Victory for South Bend Rate Payers
On Monday, January 13, 2003, the South Bend Common Council voted 8-1 to raise water/sewer rates for the first time in 15 years.
Although raising rates was a victory for the City and the environment, the big victory is the way the new rates are structured.
Large users will no longer receive massive subsidies for water consumption and treatment in South Bend.
Heading toward fair and equitable
In the past the City granted deep discounts to large water/sewer users in the commercial and industrial sectors.
On average all classes of users paid 32% less than homeowners and small businesses. And the average industrial user paid 37-42% less than a homeowner or small business.
But average figures hide the huge discounts granted to the largest users of all. The considerable discounts come to light when the largest users' rates were increased to close the gap with residential rates.
According to the South Bend Tribune (Jan. 20, 2003, A7) the City's original rate proposal would have raised Notre Dame's rate 400%.
This means the largest users were receiving water and sewer services up to 400% below the cost of providing the service.
The rates the Common Council adopted are much less than the City originally asked for and represent a significant compromise with the largest users.
The South Bend Municipal Sewage Works estimates the I/N Tek steel factory in New Carlisle will pay 81% more under the new rates, and the University of Notre Dame will pay 79% more.
Both increases are considerably less than 400%. So the large users are still not paying their fair share of costs.
According to the City of South Bend Municipal Sewage Works the largest users are:
- I/N Tek steel plant
- University of Notre Dame
- New Energy Company of Indiana
- AlliedSignal Aerospace Co.
- Memorial Hospital
- Holy Cross Services (St. Mary's College)
- South Bend Community School Corporation
- Kokoku Wire Industries
- St. Joseph Medical Center
- Aramark Uniform Services
- Williams, Ralph M.
Corporate welfare South Bend style
95% of South Bend rate payers use 2000 cubic gallons or less of water per month. This huge majority of users paid more per unit for their water and sewer services than the top 5% of rate payers.
In effect small users have subsidized the large users for at least 15 years, if not longer.
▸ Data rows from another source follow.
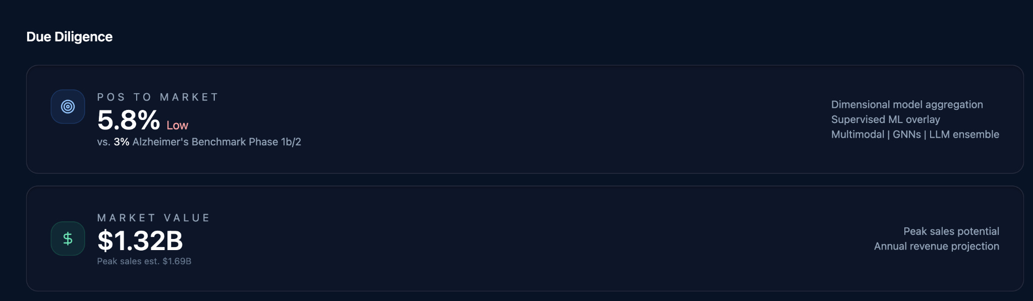 Once probability is established, value can be modeled. The agent performs market analysis, builds pricing and adoption assumptions, constructs discounted cash flow models, and runs sensitivity analyses.
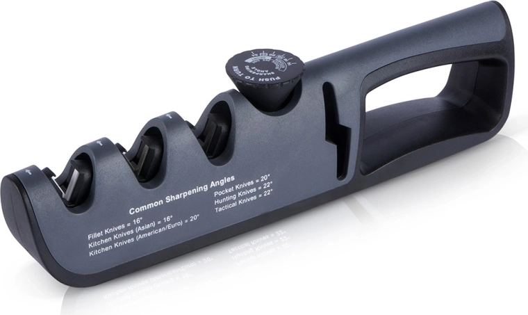 Vrtljiv kolešček omogoča nastavitev idealnega kota za kuhinjske nože (14–20°), EDC in zložljive nože (20–22°) ali robustnejša zunanja in lovska rezila (22–24°).
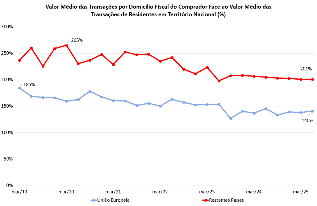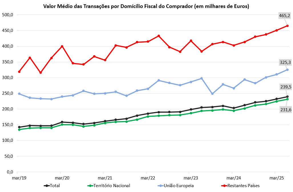 No 2º trimestre de 2025, um residente em Portugal adquiria imóveis com um valor médio de transações de €239 mil, um residente na União Europeia a €325 mil e um residente no resto do mundo a €465 mil.
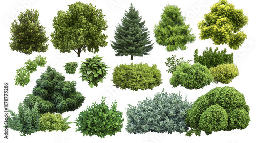 collection, different, type, bush, tree, green, vary, plant, size, shape, nature, leaf, gardening, park, white, growth, background, hedge, spring, botany, foliage, flora, forest, environment, summer, decoration, shrub, beautiful, evergreen, round, ornamental, design, topiary, lawn, grass, tree branch, fresh, landscaping, flower, pattern, botanical, outdoors, object, ai
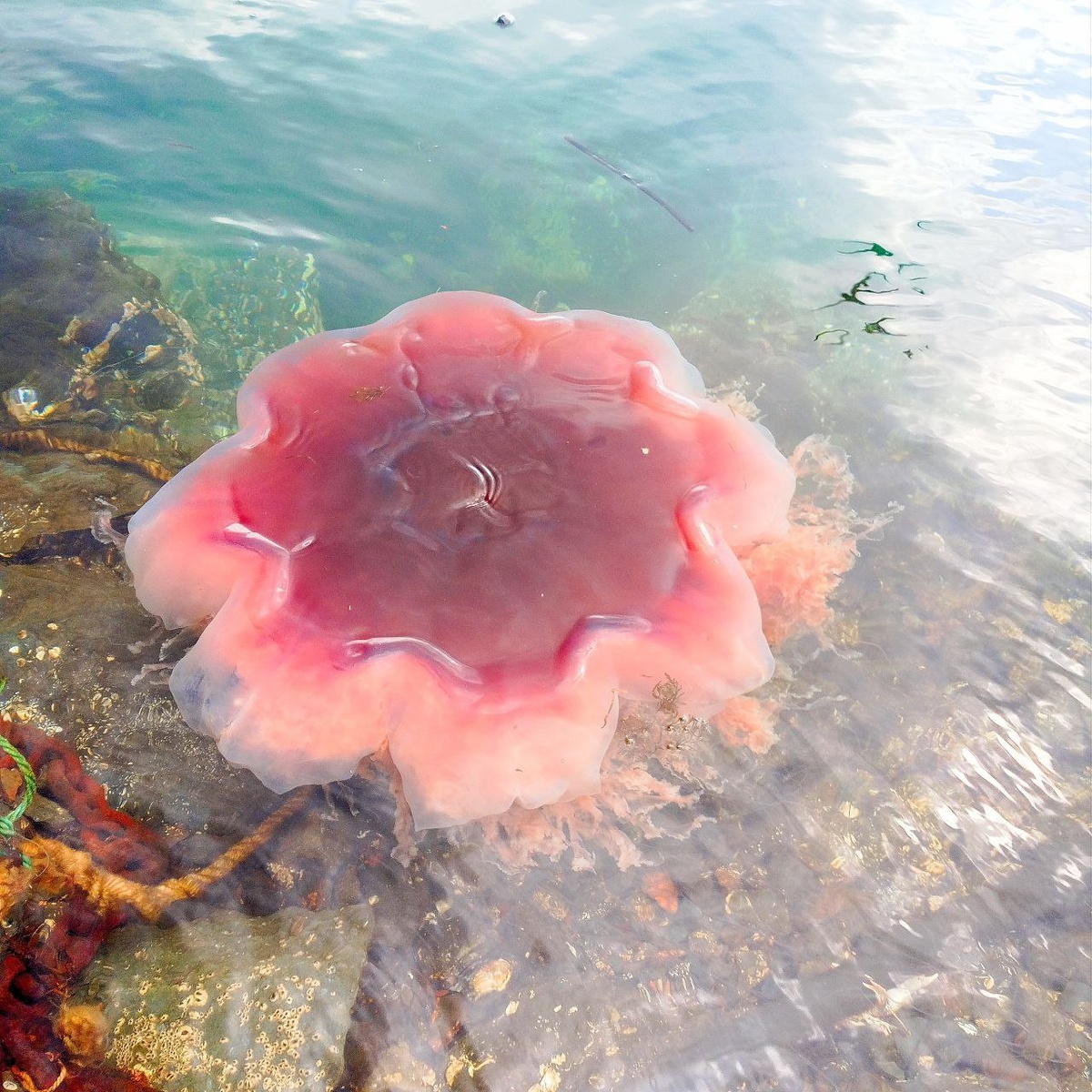 Это розовый чепчик, который кто-то потерял в море? Нет, это волосистая цианея — такая медуза в стиле барби. Обычно они вырастают до полуметра, но бывают с диаметром купола около двух, представляете? Их щупальца могут вытягиваться в десятки метров. Такие медузы редко выходят к берегу. Цианеи — хищники. Они впрыскивают в тело жертвы яд, способный убить мелких животных и ранить крупного. Они нападают на планктонов, а иногда на других медуз. Для человека не опасны. Максимум может быть аллергия или сыпь. Фото: Сергей Труболыс 🟥Подписаться | Предложить новость

This subsidy is a transfer of wealth from 95% of rate payers to the top 5% of rate payers, from residential and small business customers to the biggest corporations in the county.
Voices of ecological sanity
The St. Joe Valley Greens were the only public voices in favor of the new rate structure at the Common Council meeting.
Some Greens acknowledged the proposed rate structure as a useful compromise. Other Greens said the proposed structure didn't go far enough to redress the imbalance in assigning costs for use and pollution. The latter pointed out that the proposed compromise rate structure still favored the large users and created public debt which would be unnecessary if large users paid their fair share immediately.
All Greens expressed concern that the proposed structure would delay implementing plans to contain and eliminate combined sewer overflows (CSO). Greens also pleaded that the Council take into account rate payers on fixed incomes and low wages when voting on the proposed water/sewer rates.
Cost of use principle
"Cost of use" is the basis on which the City of South Bend is restructuring rates.
All Greens spoke in favor of the "cost of use" principle which removes the consumption subsidy for large users.
In cost of use accounting all users pay the same unit rate for water consumption. Additional costs are assigned only to the users who cause the costs.
The prime example is extending City water and sewer service outside the municipal boundaries. The cost of the additional infrastructure required to reach the suburbs would increase the cost of suburban water service accordingly. A surcharge is sometimes used to amortize the additional costs.
Another example is providing large volumes of water for an industrial or commercial user. The business would pay for the additional costs in a surcharge based on the size of the water pipe.
Although cost of use is more fair than the old rate structure, the cost of use principle does not take into account hardship or low incomes.
The lower a user's income the more water costs as a percentage of income. Rates should not disproportionately burden low income users. Some relief must be built into the system.
What about pollution?
Billing according to cost of consumption (use) does not fully take into account pollution.
People and businesses are better stewards of natural resources when they can accurately monitor the cost of their resource consumption. But the new rate structure may not equitably distribute the cost of treating wastewater. If not, big users may not "internalize" the actual cost of their water use and treatment.
A truer cost structure would take into account that some users are greater and more dangerous polluters than others. Each polluter should pay the cost of removing pollutants they have introduced into the wastewater stream. Sidney, Australia, charges for water consumed and water treated.
Big consumers tend to be big polluters. And large users won't carry their fair share of municipal infrastructure costs unless the cost of removing a range of pollutants is also monitored and billed.